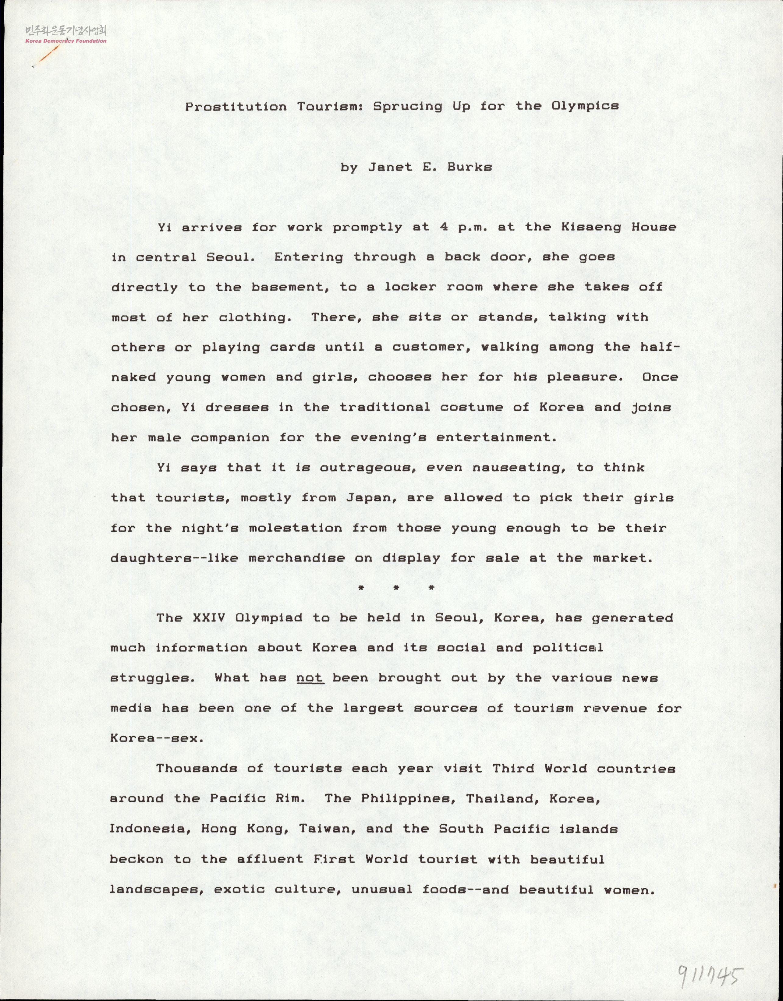 - 88서울 올림픽에 즈음해 한국의 기생관광으로 대표되는 매춘산업의 현장 실태보고
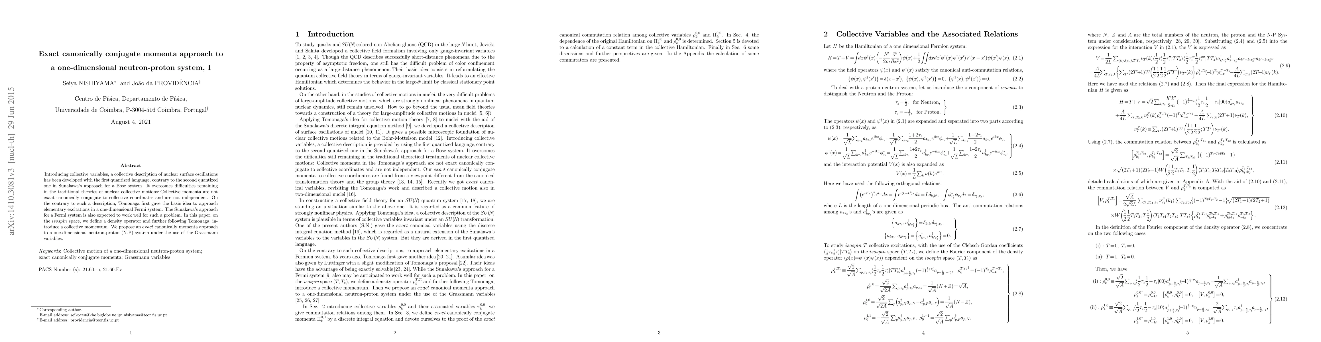 Researchers propose an exact canonically conjugate momenta approach to a one-dimensional neutron-proton system using Grassmann variables, overcoming difficulties in traditional theories of nuclear collective motions.
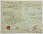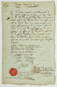 ARMÉE DU NORD. 2ème Régiment de DRAGONS. Certificat militaire pour Jean Etienne DUPRÉ âgé de 32 ans, natif de Rouen, sert au régiment depuis 1784, avec zèle et bravoure, Blessé d'un coup de feu à une affaire qui a eut lieu à SAINT-VIT, sur le pays de LUXEMBOURG. Fait à TILLOIS (Thillois Marne) le 1er septembre 1793. Nombreuses souscriptions signées du Général FOURNIER, dit FÉNÉROLS (Tué en Pologne), du futur Général MEUNIER, du futur général BERTHELLEMY, des Députés en mission, Charles de PEYSSARD Conventionnel de la Dordogne et Elie LACOSTE (1745-1806) Conventionnel de la Dordogne, et autres signatures. 4 pages (31 x 19 cm)
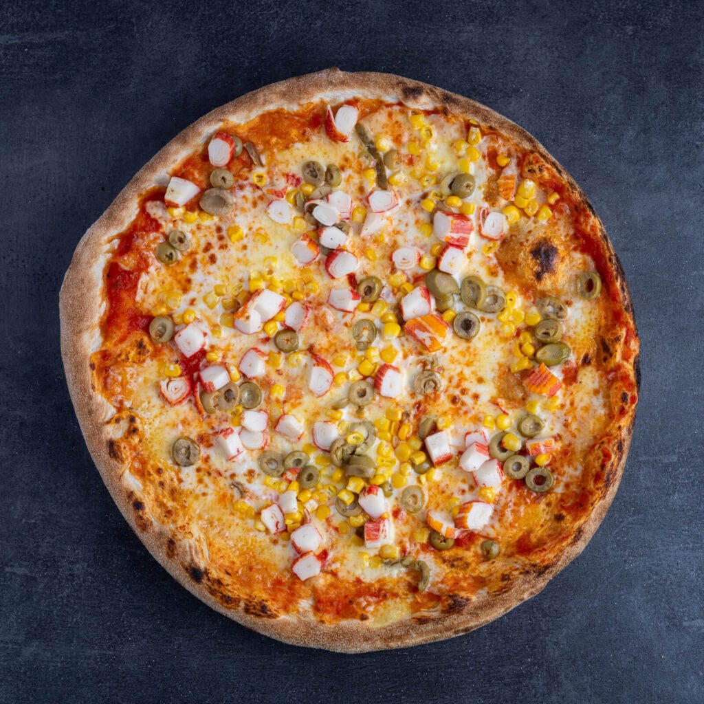 paradajkový základ, mozzarella, kukurica, olivy, krabie tyčinky

• _ACTIVITY_: Please, without any pictures, write out exactly the lines of the listing from its first line through the line that holds "Researchers propose an", ends included, and nothing beyond them.

• _RESPONSE BELOW_:
 - 88서울 올림픽에 즈음해 한국의 기생관광으로 대표되는 매춘산업의 현장 실태보고
 Researchers propose an exact canonically conjugate momenta approach to a one-dimensional neutron-proton system using Grassmann variables, overcoming difficulties in traditional theories of nuclear collective motions.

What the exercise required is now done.